Merck does not intend to present testimony from Dr. Gruber suggesting that Secrest has glucocorticoid-induced osteoporosis, and therefore Secrest's Daubert motion is granted on his ground.

Merck opposes Secrest's motion with respect to Dr. Gruber's ability to present testimony about the causal relationship between Fosamax and ONJ. Although it is true that a "scientist . . . is not permitted to be the mouthpiece of a scientist in a different specialty," Dura Automotive Systems, 285 F.3d at 614, the Court has previously noted that specialization in oral or maxillofacial surgery is not the only way to become familiar with issues relating to the treatment of bone diseases. Therefore, Dr. Gruber may express his opinion about the causal relationship between Fosamax and ONJ so long as he bases this opinion on his experience as a rheumatologist.

Finally, Plaintiff argues that, because Dr. Gruber was unable to confirm that patients were "censored out" of the clinical trials during his deposition, his opinion lacks a sufficient factual basis. In opposing Secrest's Daubert motion to preclude Dr. Gruber from testifying about the exclusion of certain patients from Fosamax clinical trials, Merck identifies two factual bases for Dr. Gruber's understanding that high-risk patients were "censored out" of the clinical trials: (1) a 2009 article by E. Seeman, published in Osteoporosis International; and (2) the FIT protocol, which Merck contends was not shown to Dr. Gruber at his deposition. These documents provide a sufficient basis for Dr. Gruber's opinion that censoring of patients over time caused apparent reductions in efficacy after 36 months because medical doctors and scientists have, in fact, regularly relied on similar journal publications and trial protocols when assessing the results of studies during the course of the Fosamax MDL. Therefore, given these factual bases, Dr. Gruber's testimony on this topic will be helpful to the jury.
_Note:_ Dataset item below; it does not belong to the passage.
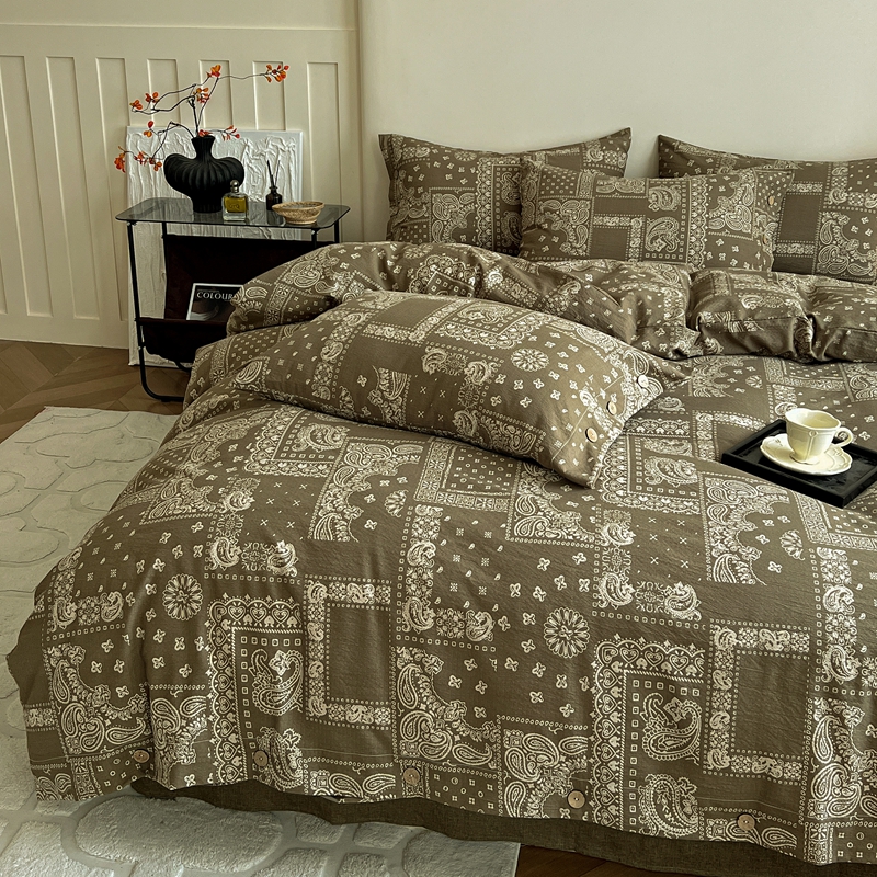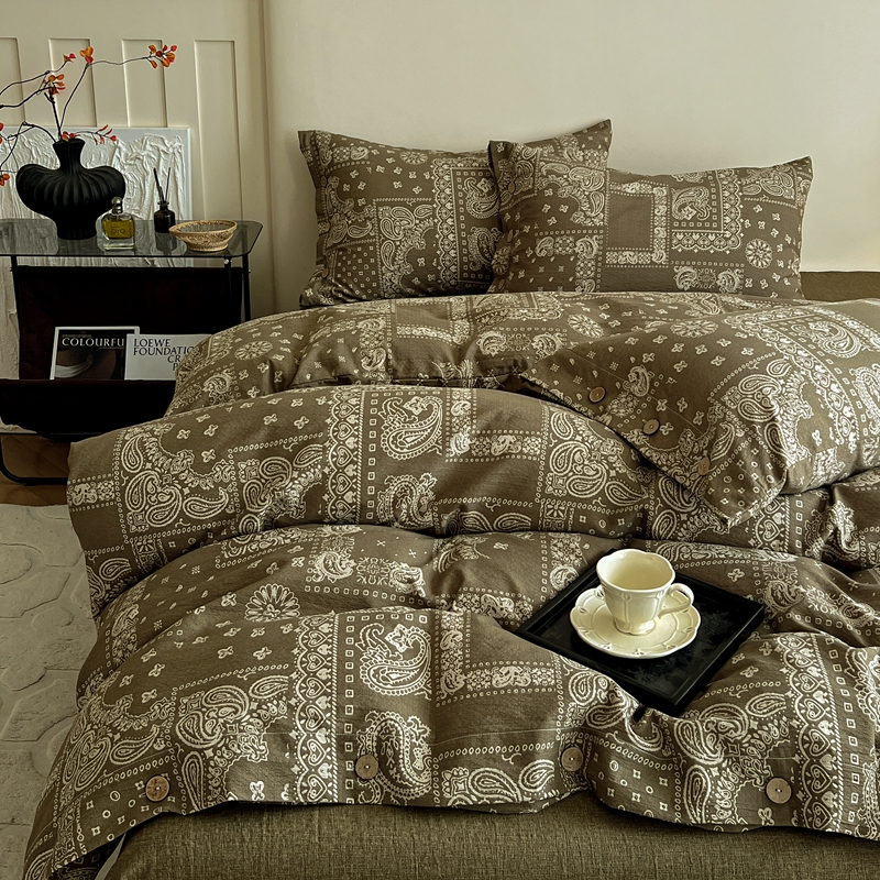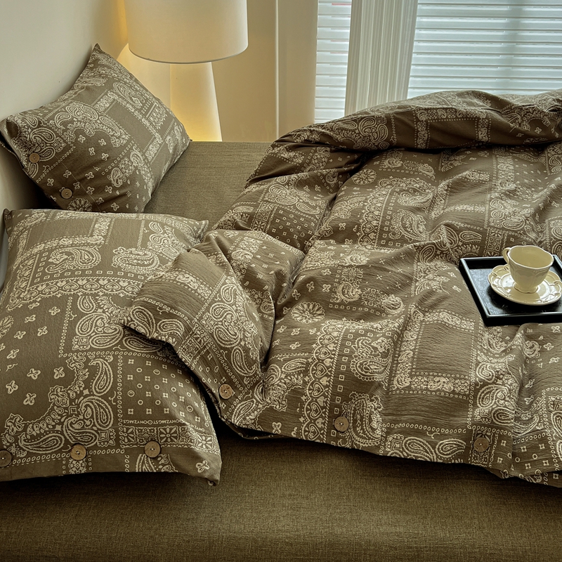 仟网汇 2025新款亚麻纽扣款四件套 印象庄园
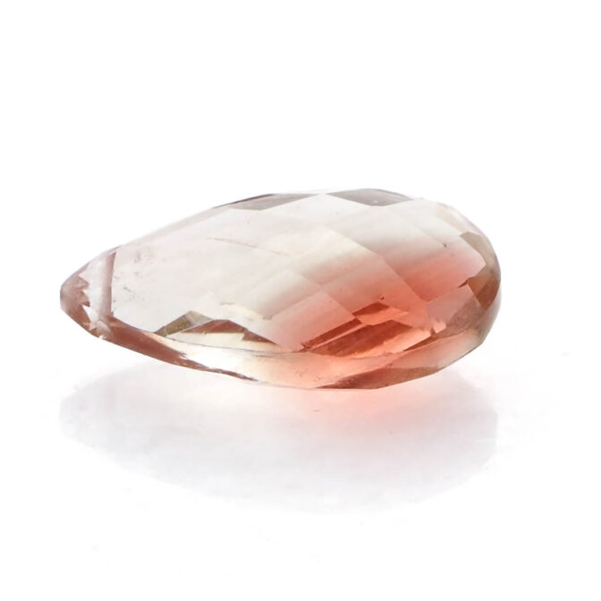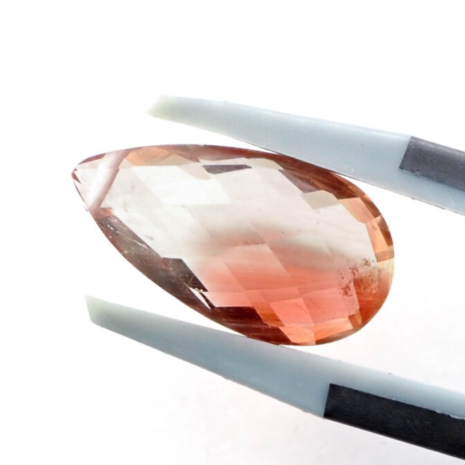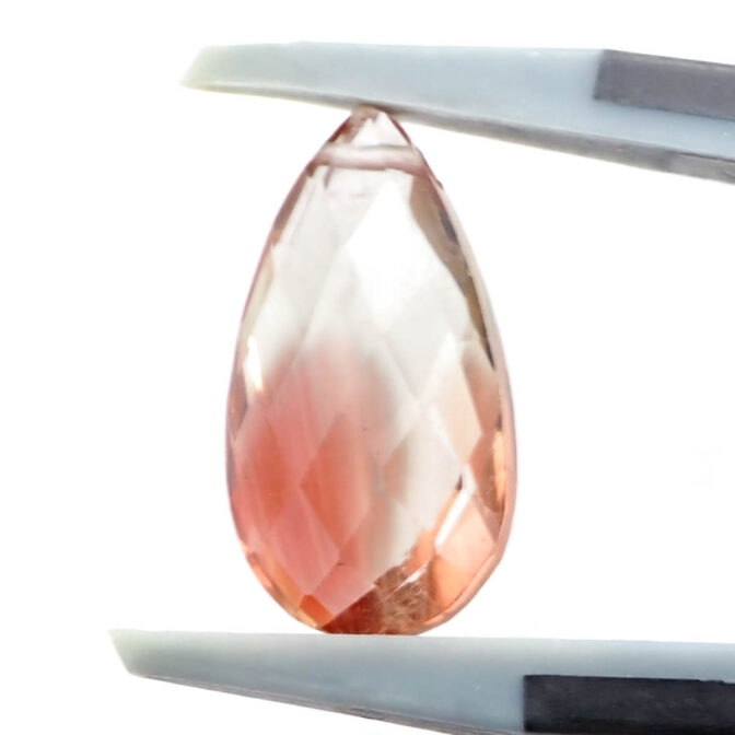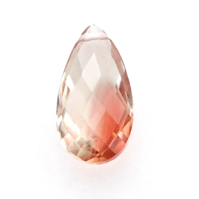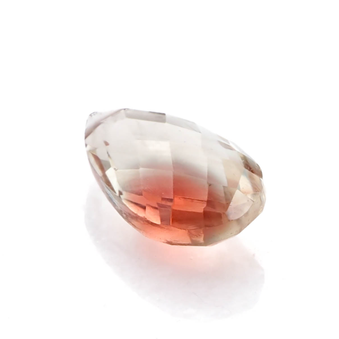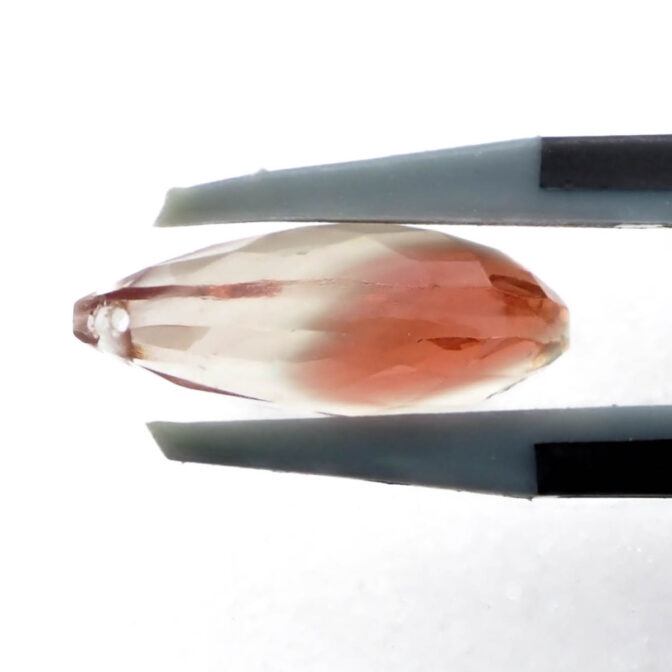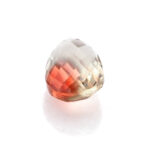 このページでご紹介するルースは、しずく型にカットされた石の前面に細かなブリオレットカットが施され、想像を絶するほど華やかなきらめきを宿します。全体が薄いオレンジですが、部分的に濃いオレンジがふんわりと入っており、そこを濃いグリーンのラインが縁取っています。とても個性が強く喧嘩してもおかしくない色あわせですが、透明感溢れるうるうるとした質感とクリアな部分で抜け感が出るため、くどさはなくとても可愛くまとまっています。トップに穴が開いているため、比較的簡単にアクセサリに加工できるのも魅力です。

III. Discussion of Merck's Motion for Summary Judgment

Merck moves for summary judgment with respect to all claims because Plaintiff has failed to present adequate evidence that Fosamax caused Linda Secrest's injuries. Merck also moves for summary judgment with respect to Plaintiff's failure to warn, fraudulent misrepresentation, breach of warranty, and punitive damages claims on various other grounds.

A. Legal Standard

Summary judgment is appropriate where "the movant shows that there is no genuine dispute as to any material fact and the movant is entitled to judgment as a matter of law." Fed.R.Civ.P. 56(a). A dispute is "genuine" if, on the evidence relevant to that dispute, "a reasonable jury could return a verdict for the nonmoving party." Anderson v. Liberty Lobby, Inc., 477 U.S. 242, 248 (1986). A fact is "material" if it "might affect the outcome of the suit under the governing law." Id.
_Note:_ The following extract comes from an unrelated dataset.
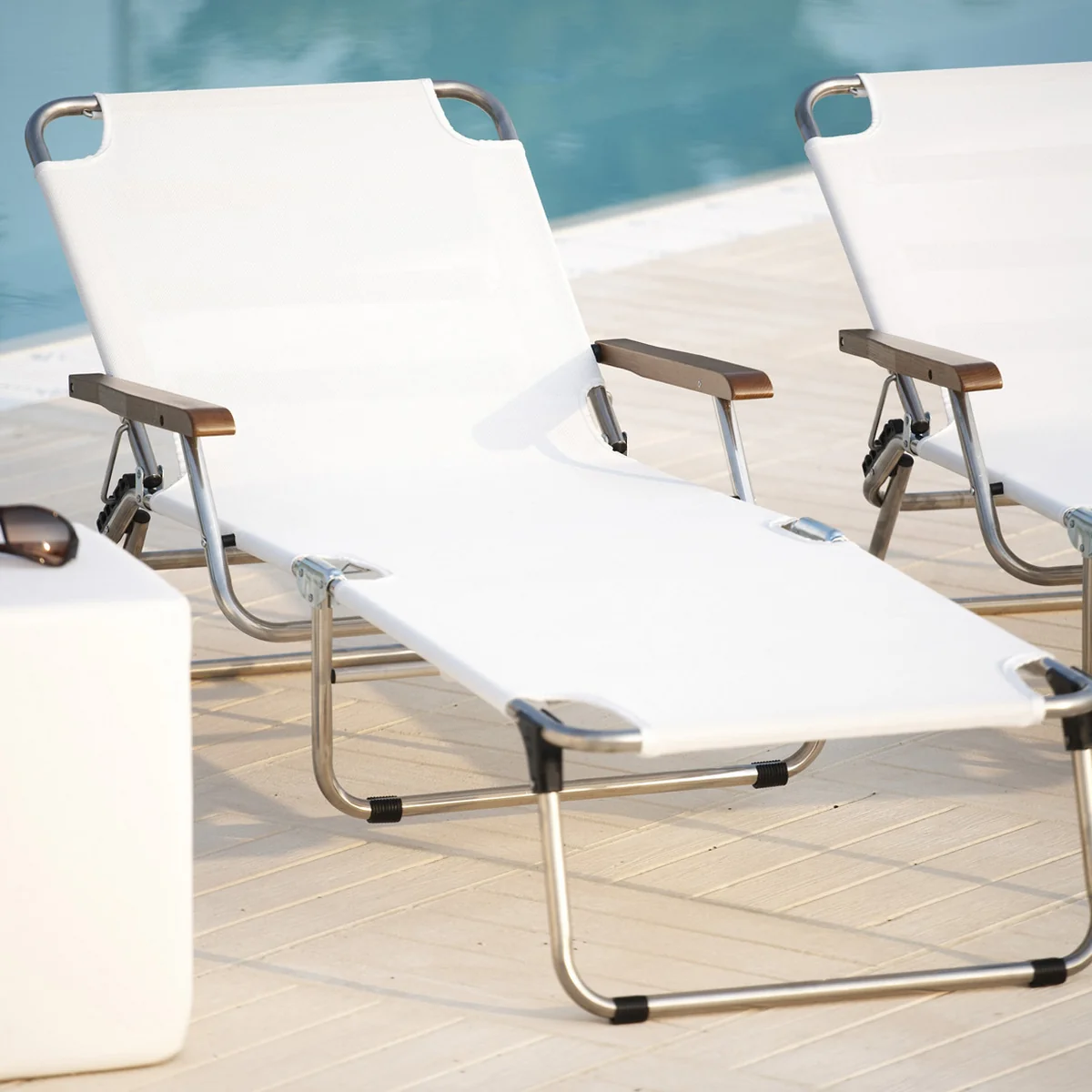 The materials used for the folding couch from Fiam are particularly innovative. The frame is made of aluminium - so it is stable and light at the same time. The cover of the deck chair is made of Textilene, a high-tech fabric that is weatherproof and UV-resistant. Textilene is so flexible and permeable to air that comfortable sitting and lying is guaranteed. The modern textile is also easy to care for and clean.

In determining whether there is a genuine issue of material fact, "courts must resolve all ambiguities, and credit all factual inferences that could rationally be drawn, in favor of the party opposing summary judgment." Roe v. City of Waterbury, 542 F.3d 31, 35 (2d Cir. 2008). A district court is not, however, required to engage in speculation on behalf of the non-moving party. "The movant has the burden of showing that there is no genuine issue of fact, but the plaintiff is not thereby relieved of his own burden of producing in turn evidence that would support a jury verdict. Rule 56[(c)(1)] . . . provides that a party opposing a properly supported motion for summary judgment may not rest upon mere allegation or denials of his pleading, but must set forth specific facts showing that there is a genuine issue for trial." Liberty Lobby, 477 U.S. at 256.

B. Specific Causation Issue

Merck claims entitlement to summary judgment on all of Secrest's claims because she has failed to offer admissible expert testimony that Fosamax proximately caused her ONJ. This argument relies on the assumption that the testimony of both Drs. Marciano and Marx would be precluded through Merck's Daubert motion. However, because the Court has denied Merck's Daubert motion with respect to specific causation testimony from Dr. Marx, there is a genuine dispute of fact on the issue of specific or proximate causation, and the Court denies Merck's motion for summary judgment on these grounds.

C. Strict Liability and Negligent Failure to Warn Claims

Merck argues that it is entitled to summary judgment on Plaintiff's negligent and strict-liability failure to warn claims because Plaintiff has not presented evidence that Dr. Hidlebaugh, Secrest's prescribing physician at the time of her injury would have changed his decision to prescribe Fosamax if Merck had given a different warning about the risk of ONJ. Secrest argues that there is sufficient evidence to support a failure to warn claim because Dr. Epstein has testified that if Merck had informed him that Fosamax posed a risk of ONJ, then as her prescribing physician, he would have recommended that Secrest stop taking Fosamax.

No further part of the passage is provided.